This package estimates the variance covariance components for data under multivariate mixed effects model using multivariate REML and multivariate Henderson3 methods. See Meyer (1985) doi:10.2307/2530651 and Wesolowska Janczarek (1984) doi:10.1002/bimj.4710260613.

It is available on CRAN and my github page:

Link to the MMeM github

Link to the MMeM CRAN

The package supports the variance covariance component estimations for the multivariate mixed effects model for one-way randomized block design with equal design matrices:

\(\mathbf{y} = (\mathbf{I} \otimes \mathbf{X})\mathbf{b} + (\mathbf{I} \otimes \mathbf{Z} )\mathbf{u} + \mathbf{e}\)

with

\(\mathbf{y} = \left\{\mathbf{y}_i\right\}_c, \mathbf{b} = \left\{\mathbf{b}_i\right\}_c, \mathbf{u} = \left\{\mathbf{u}_i\right\}_c, \mathbf{e} = \left\{\mathbf{e}_i\right\}_c, i =1, \dots, q\)

where \(\mathbf{y}\) is nq by 1 response vector; \(\mathbf{X}\) is n by p design matrix for the fixed effects; \(\mathbf{b}\) is pq by 1 coefficients vector for the fixed effects; \(\mathbf{Z}\) is n by s design matrix for the random effects; \(\mathbf{u}\) is sq by 1 vector of the random effects; \(\mathbf{e}\) is nq by 1 vector of random errors.

It is assumed that

\(cov(\mathbf{u}_i, \mathbf{u}_j') = \mathbf{G}_{ij}, cov(\mathbf{e}_i, \mathbf{e}_j') = \mathbf{R}_{ij}, cov(\mathbf{u}_i, \mathbf{e}_j') = \mathbf{0}\)

or

\(var(\mathbf{u}) = \mathbf{G} = \mathbf{T}\otimes \mathbf{I}_s, var(\mathbf{e}) = \mathbf{R} = \mathbf{E} \otimes \mathbf{I}_n, var(\mathbf{y}) = \mathbf{V} = \mathbf{T}\otimes \mathbf{ZZ}' + \mathbf{E} \otimes \mathbf{I}_n\).
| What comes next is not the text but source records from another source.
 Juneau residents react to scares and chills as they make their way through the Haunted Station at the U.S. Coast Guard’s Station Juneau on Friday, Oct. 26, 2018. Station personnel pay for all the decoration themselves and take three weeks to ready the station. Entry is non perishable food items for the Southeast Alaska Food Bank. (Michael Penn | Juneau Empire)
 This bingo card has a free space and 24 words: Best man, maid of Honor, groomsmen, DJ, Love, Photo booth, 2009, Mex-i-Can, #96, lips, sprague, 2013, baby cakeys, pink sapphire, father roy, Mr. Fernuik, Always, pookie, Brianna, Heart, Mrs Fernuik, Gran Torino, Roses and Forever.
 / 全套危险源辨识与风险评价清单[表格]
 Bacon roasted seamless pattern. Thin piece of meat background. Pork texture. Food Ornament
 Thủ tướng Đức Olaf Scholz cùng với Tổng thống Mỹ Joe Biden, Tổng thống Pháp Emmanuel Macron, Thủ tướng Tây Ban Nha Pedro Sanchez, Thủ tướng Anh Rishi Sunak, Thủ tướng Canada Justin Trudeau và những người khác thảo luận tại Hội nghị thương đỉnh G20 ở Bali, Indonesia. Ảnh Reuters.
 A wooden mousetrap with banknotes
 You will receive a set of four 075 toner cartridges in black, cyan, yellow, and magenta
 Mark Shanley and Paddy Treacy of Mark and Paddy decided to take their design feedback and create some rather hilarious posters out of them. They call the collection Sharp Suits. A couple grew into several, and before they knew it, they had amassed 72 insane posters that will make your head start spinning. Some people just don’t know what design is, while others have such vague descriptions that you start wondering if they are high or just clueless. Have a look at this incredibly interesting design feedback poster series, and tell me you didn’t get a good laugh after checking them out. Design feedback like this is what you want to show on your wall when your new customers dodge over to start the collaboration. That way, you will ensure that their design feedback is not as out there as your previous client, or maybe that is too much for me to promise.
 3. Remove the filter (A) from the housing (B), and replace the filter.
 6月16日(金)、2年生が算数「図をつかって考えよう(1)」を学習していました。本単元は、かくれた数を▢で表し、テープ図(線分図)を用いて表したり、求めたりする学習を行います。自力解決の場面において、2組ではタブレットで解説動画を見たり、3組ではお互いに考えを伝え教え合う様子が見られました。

The goal is to estimate the variance-covariance matrix of random effects \(\mathbf{u}\) and \(\mathbf{e}\) on \(q\) response variates, i.e. \(\mathbf{T}\) and \(\mathbf{E}\).

The model also supports the variance component estimations using univariate mixed-effects model regression, which is equivalent to R package lme4:

\(\mathbf{y} = \mathbf{Xb} + \mathbf{Zu} + \mathbf{e}\)
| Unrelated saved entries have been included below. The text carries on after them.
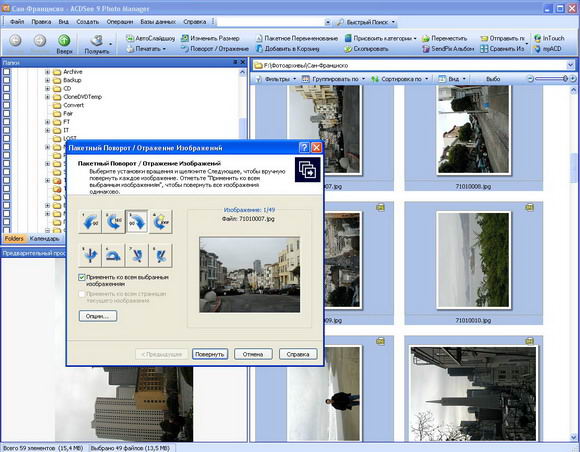 Не волнуйтесь, с помощью ACDSee вы на это потратите минут пять. Потому что эта программа позволяет применять операции редактирования (поворот, изменение размера и так далее) сразу к целой группе файлов.
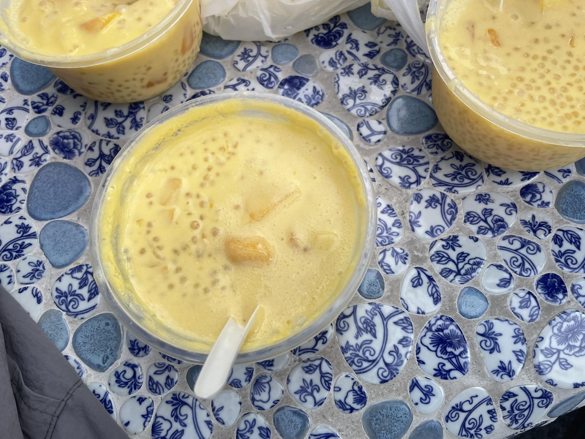 이게 생긴 건 이래도 정말 맛있거든요. 망고 과일의 풍미와 사고펄의 쫄깃함, 그리고 코코넛 밀크의 고소하고 부드러움이 어우러지는 맛이에요.
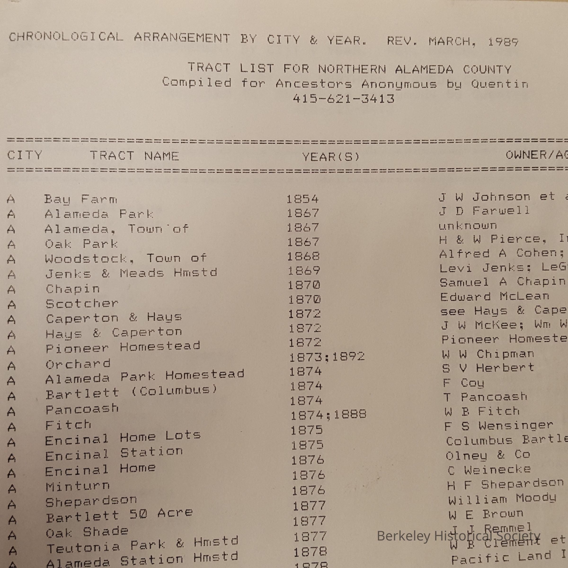 Tract list for northern Alameda County, chronological arrangementEntry/Object ID
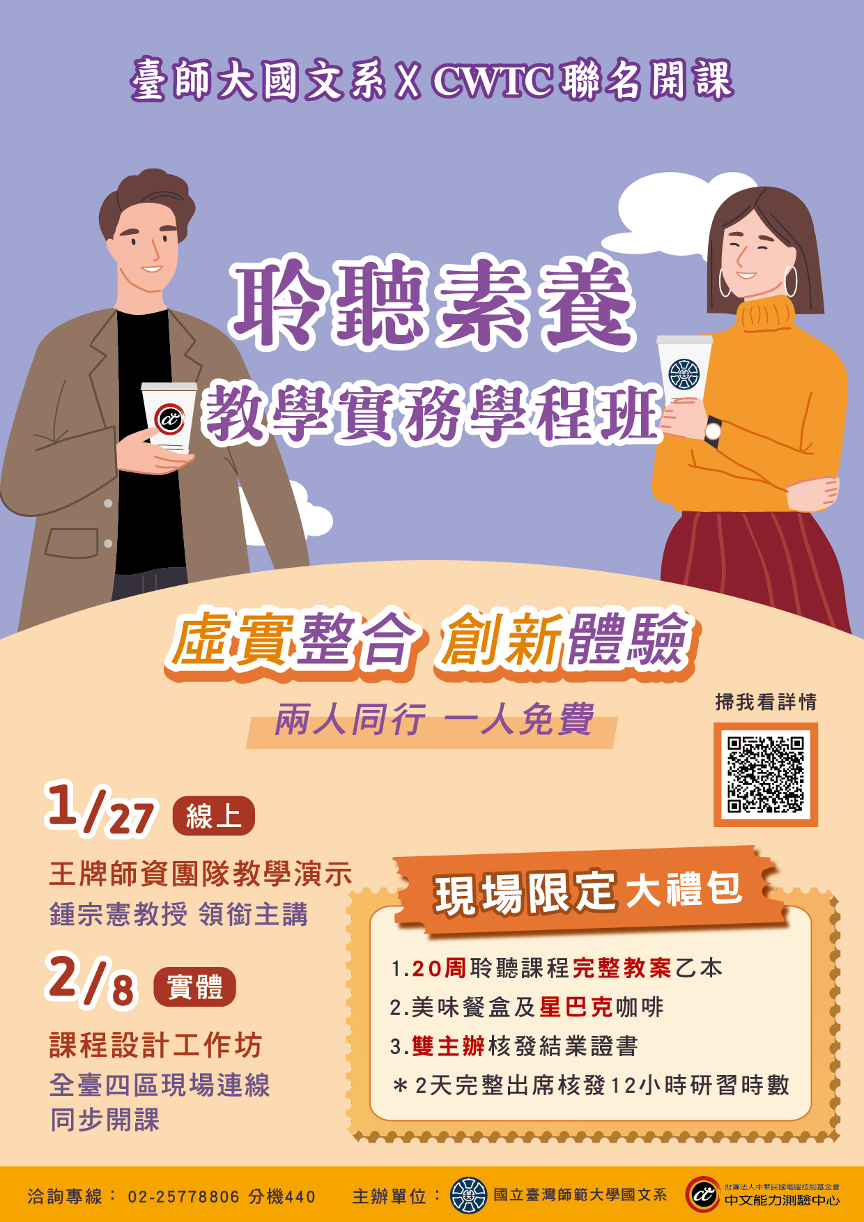 - 為使更多教師了解聆聽素養教學教法,並實際應用於教學現場,本會特辦理本項學程班,由臺師大國文系鍾宗憲教授帶領7位專家團隊擔任講師,介紹聆聽素養課程教案、說明如何實際操作課堂活動,以利於在課堂上培養聆聽能力。
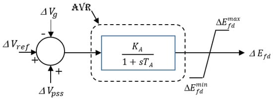 where and are the gain and time constant of the AVR, the reference voltage is , the terminal voltage is and the supplementary signal from the PSS is .
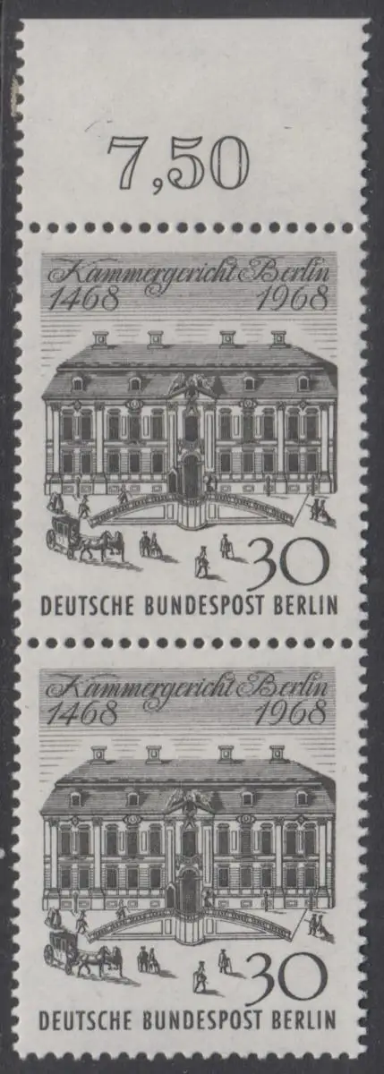 BERLIN 1968 Michel-Nummer 320 postfrisch vert.PAAR RAND oben (d) - Kammergericht Berlin

where \(\mathbf{y}\) is n by 1 response vector; \(\mathbf{X}\) and \(\mathbf{Z}\) are n by p and n by s known design matrix; \(\mathbf{b}\) is p by 1 coefficients vector for the fixed effects; \(\mathbf{u}\) is s by 1 matrix for the random effects, \(\mathbf{e}\) is n by 1 vector of random errors. }

The goal is to estimate \(\sigma_u^2\) and \(\sigma_e^2\) for \(\mathbf{u} \sim N(\mathbf{0}, \sigma_u^2\mathbf{I}), \mathbf{e} \sim N(\mathbf{0}, \sigma_e^2\mathbf{I})\).

Currently this package supports multivariate mixed effects model with two response variables, one fixed effects and one random effects, the package only estimates the variance covariance components under multivariate mixed effects model, it doesn’t provide the estimation and hypothesis testing for the fixed effects parameters, which will be incorporated in the future. Users can compute the estimated fixed effects parameters by using the generalized least square formula for the fixed effect parameters after estimating the variance covariance components using this package.